**Task directions:**
With the pictures left out, restate every entry word for word.

Stored items:

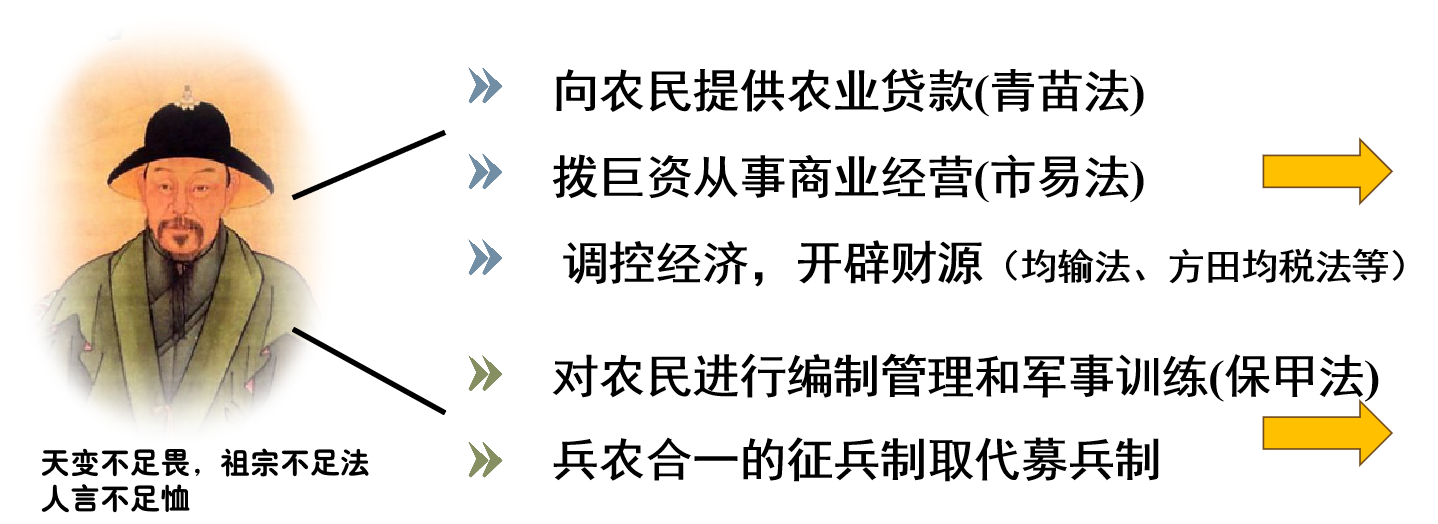 教师:1069年在宋神宗的支持下,王安石意图以“大有为”方式从根上解决宋代建国以来积累的问题,当时反对派以“天变不足畏,祖宗不足法,人言不足恤”对其诘难。王安石坦然接受“三不足”言论并以此表明自己改革的决心。通过预习我们知道王安石变法的原则是国家加强国家的管理和控制。在具体的变法措施中主要有这么几条,我们一起看看。第一大块主要是调控经济,开辟财源,第二大块主要是军事方面。大家思考一下,这些措施的目的是什么呢?![]()
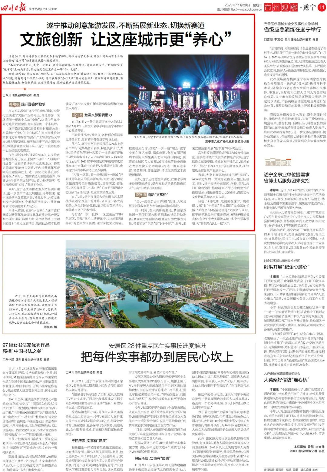 此前,遂宁以“养心文化”为特色,以“区域文旅康体中心”建设为引领,启动了“养心文旅名城”创建。随着创建工作深入推进,遂宁在挖掘“养心文化”魅力的基础上,推动创意旅游发展,不断拓展新业态、切换新赛道,激发消费活力,推动文旅产业高质量发展。
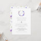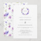 Un joli faire-part de mariage présentant une couronne ouverte à l'aquarelle de fleurs violettes et de feuilles vertes avec votre monogramme / initiales. Le verso présente un motif de fleurs violettes.
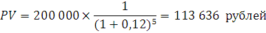Задача 2. Какую сумму надо поместить в банк для того чтобы через 5 лет накопить 200 000 рублей? Процентная ставка банка 12 %.
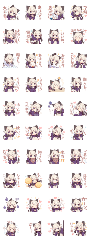 黒猫少年たちの友達、少し甘えん坊なシャム猫少年のスタンプ第七弾です。毎日使える挨拶や日常会話、リアクションが沢山入っています。
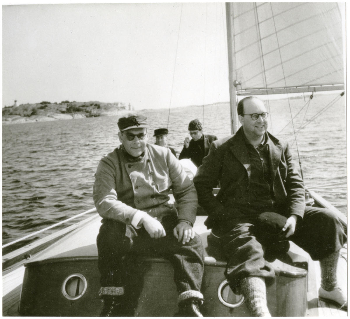[från fotobeskrivningen:] "Ombord på Gösta Åhléns havskryssare MARIBELL. Gösta Åhlén t.h. Tore Holm t.v."
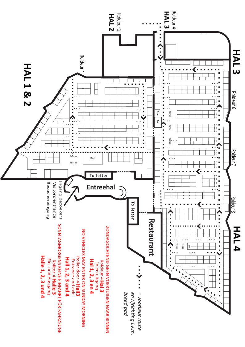 Standhöhe maximal 3,50 Meter. Die Stände können mit einem Auto oder Lieferwagen (bis zu 3.500 kg) und einem Anhänger beliefert werden. Anbieter mit einem Lieferwagen oder LKW über 3.500 kg dürfen NICHT in die Hallen und sollten beim Registrieren mit der Organisation beratschlagen.
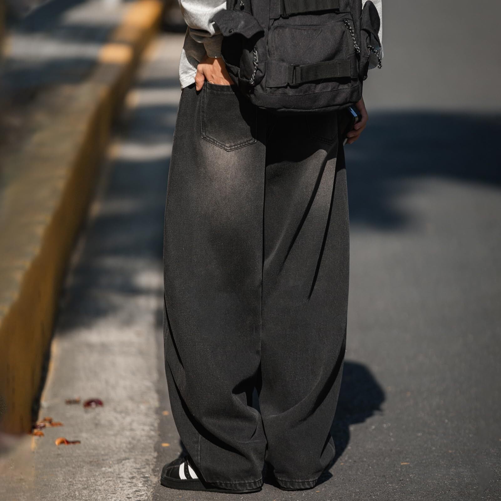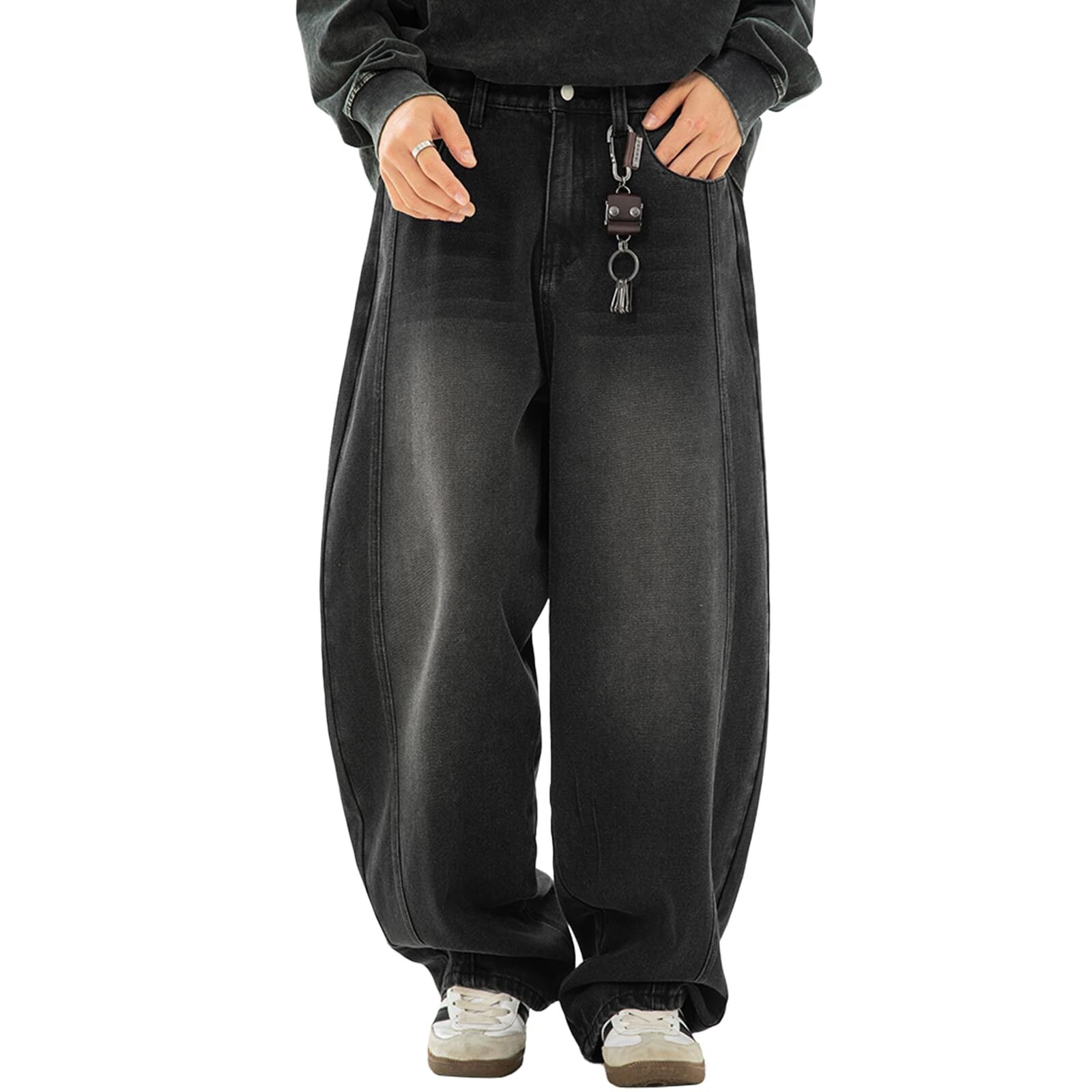 【数量限定】[Kayiyasu] デニムパンツ メンズ ズボン ワイドパンツ ジーンズ メンズ ゆったり ストリート バギーパンツ カジュアル 無地 調整紐 リラックス カッコイイ おしゃれ 春夏秋冬 | 無意味ステッカー

**Worked solution:**
 教师:1069年在宋神宗的支持下,王安石意图以“大有为”方式从根上解决宋代建国以来积累的问题,当时反对派以“天变不足畏,祖宗不足法,人言不足恤”对其诘难。王安石坦然接受“三不足”言论并以此表明自己改革的决心。通过预习我们知道王安石变法的原则是国家加强国家的管理和控制。在具体的变法措施中主要有这么几条,我们一起看看。第一大块主要是调控经济,开辟财源,第二大块主要是军事方面。大家思考一下,这些措施的目的是什么呢?![]()
 此前,遂宁以“养心文化”为特色,以“区域文旅康体中心”建设为引领,启动了“养心文旅名城”创建。随着创建工作深入推进,遂宁在挖掘“养心文化”魅力的基础上,推动创意旅游发展,不断拓展新业态、切换新赛道,激发消费活力,推动文旅产业高质量发展。
 Un joli faire-part de mariage présentant une couronne ouverte à l'aquarelle de fleurs violettes et de feuilles vertes avec votre monogramme / initiales. Le verso présente un motif de fleurs violettes.
Задача 2. Какую сумму надо поместить в банк для того чтобы через 5 лет накопить 200 000 рублей? Процентная ставка банка 12 %.
 黒猫少年たちの友達、少し甘えん坊なシャム猫少年のスタンプ第七弾です。毎日使える挨拶や日常会話、リアクションが沢山入っています。
[från fotobeskrivningen:] "Ombord på Gösta Åhléns havskryssare MARIBELL. Gösta Åhlén t.h. Tore Holm t.v."
 Standhöhe maximal 3,50 Meter. Die Stände können mit einem Auto oder Lieferwagen (bis zu 3.500 kg) und einem Anhänger beliefert werden. Anbieter mit einem Lieferwagen oder LKW über 3.500 kg dürfen NICHT in die Hallen und sollten beim Registrieren mit der Organisation beratschlagen.
 【数量限定】[Kayiyasu] デニムパンツ メンズ ズボン ワイドパンツ ジーンズ メンズ ゆったり ストリート バギーパンツ カジュアル 無地 調整紐 リラックス カッコイイ おしゃれ 春夏秋冬 | 無意味ステッカー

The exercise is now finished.